If we use same_length/2, append/3, and length/2, we don't need to write recursive code:

list_nth0_item_replaced(Es, N, X, Xs) :-
   same_length(Es, Xs),
   append(Prefix, [_|Suffix], Es),
   length(Prefix, N),
   append(Prefix, [X|Suffix], Xs).

Sample query given by the OP:

?- list_nth0_item_replaced([a,b,c,d], 1, z, Xs).
   Xs = [a,z,c,d]
;  false.

This works "in the other direction", too!

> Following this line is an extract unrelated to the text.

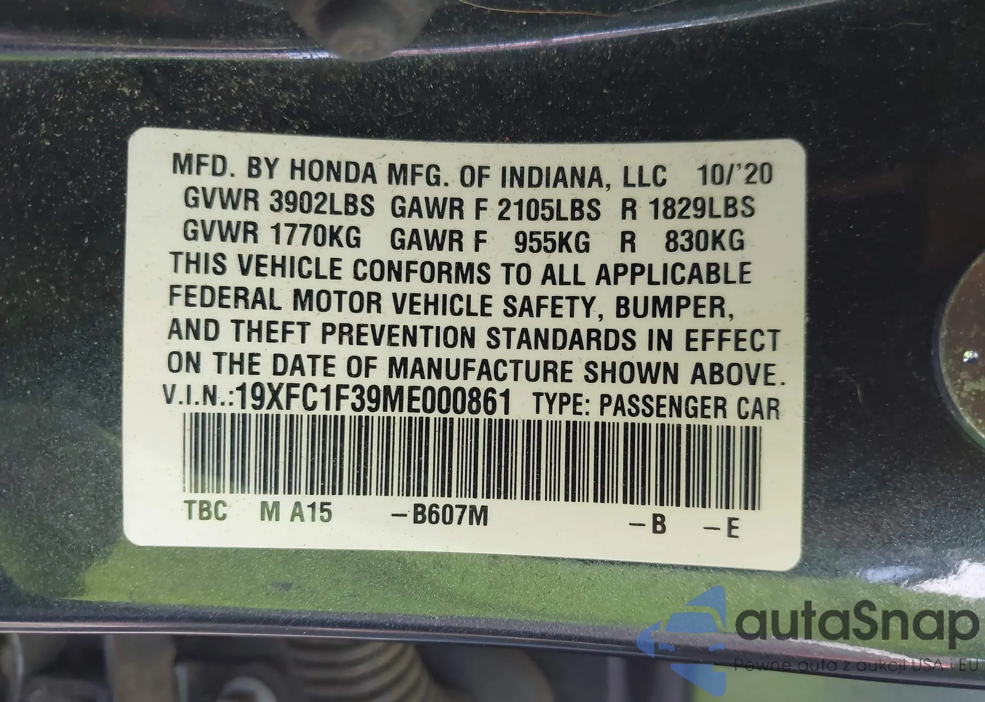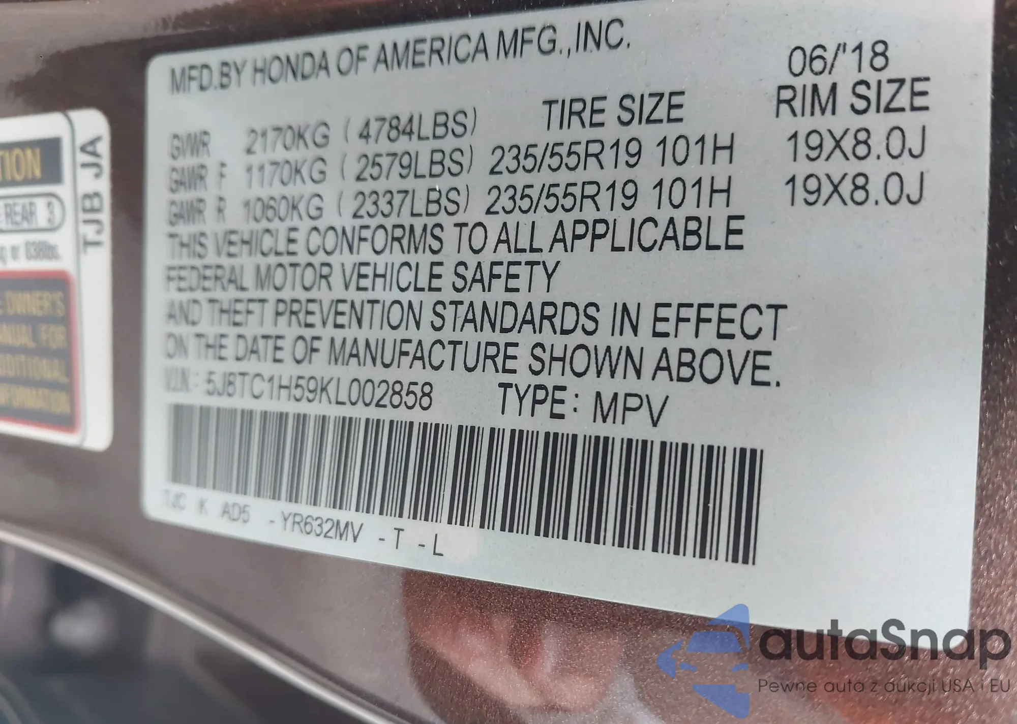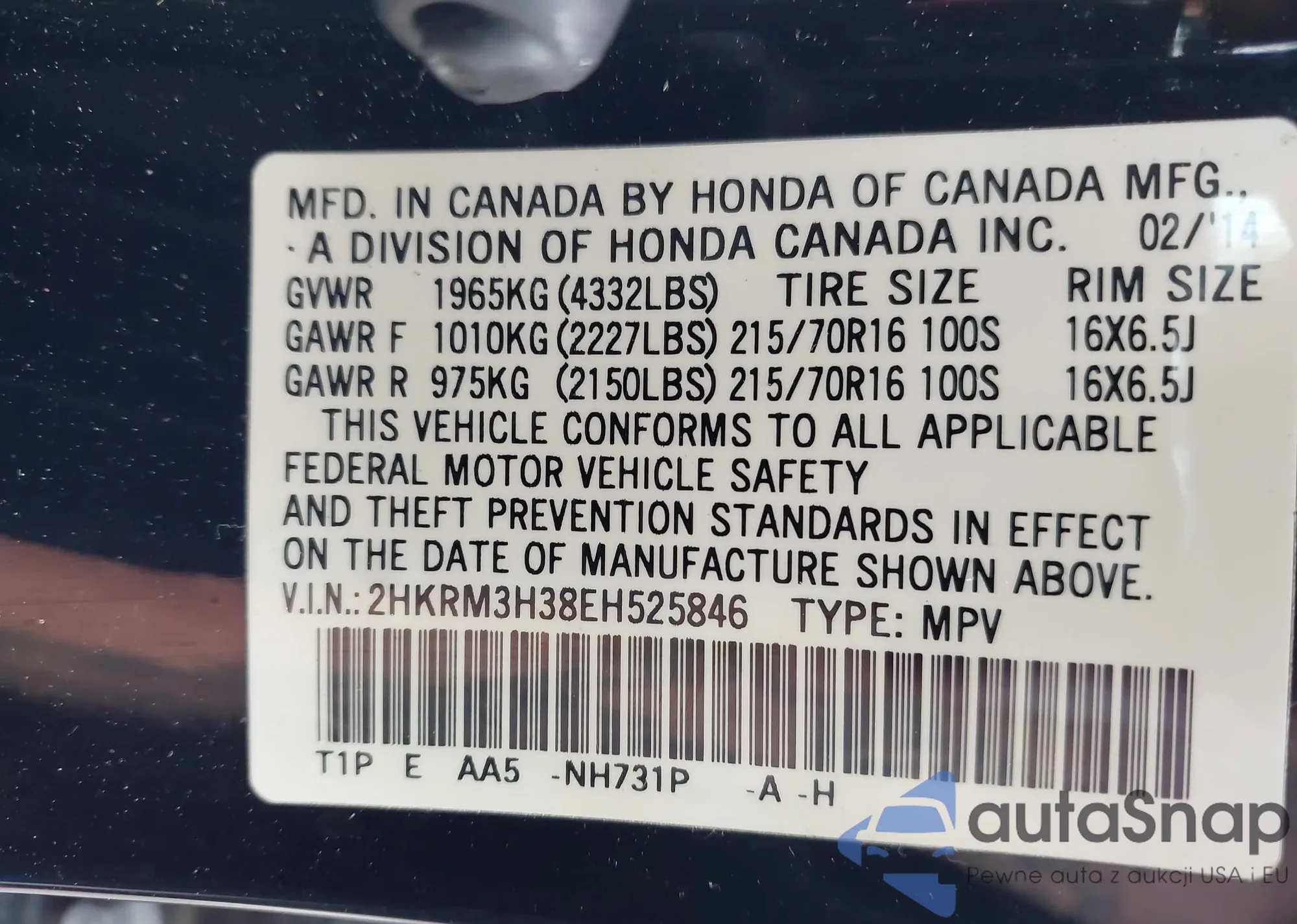 • VIN 2HKRM3H38EH525846

?- list_nth0_item_replaced(Xs, 1, z, [a,z,c,d]).
   Xs = [a,_A,c,d]
;  false.

Even better, we do not even need to specify the concrete index:

?- list_nth0_item_replaced(Es, N, X, [a,z,c,d]).
   N = 0, X = a, Es = [_A, z, c, d]
;  N = 1, X = z, Es = [ a,_A, c, d]
;  N = 2, X = c, Es = [ a, z,_A, d]
;  N = 3, X = d, Es = [ a, z, c,_A]
;  false.

?- list_nth0_item_replaced([a,b,c,d], N, X, Xs).
   N = 0, Xs = [X,b,c,d]
;  N = 1, Xs = [a,X,c,d]
;  N = 2, Xs = [a,b,X,d]
;  N = 3, Xs = [a,b,c,X]
;  false.

What about doing it in a straight-forward way like this?

:- use_module(library(clpfd)).

list_nth0_item_replaced([_|Xs], 0, E, [E|Xs]).
list_nth0_item_replaced([X|Xs], N, E, [X|Ys]) :-
   N #> 0,
   N #= N0+1,
   list_nth0_item_replaced(Xs, N0, E, Ys).

Here's the use-case the OP specified:

?- list_nth0_item_replaced([a,b,c,d],1,z,Ls).
   Ls = [a,z,c,d]
;  false.

Above code is pure, so we can ask more general queries—and expect logically sound answers:

?- list_nth0_item_replaced([a,b,c,d], N, X, Ls).
   N = 0, Ls = [X,b,c,d]
;  N = 1, Ls = [a,X,c,d]
;  N = 2, Ls = [a,b,X,d]
;  N = 3, Ls = [a,b,c,X]
;  false.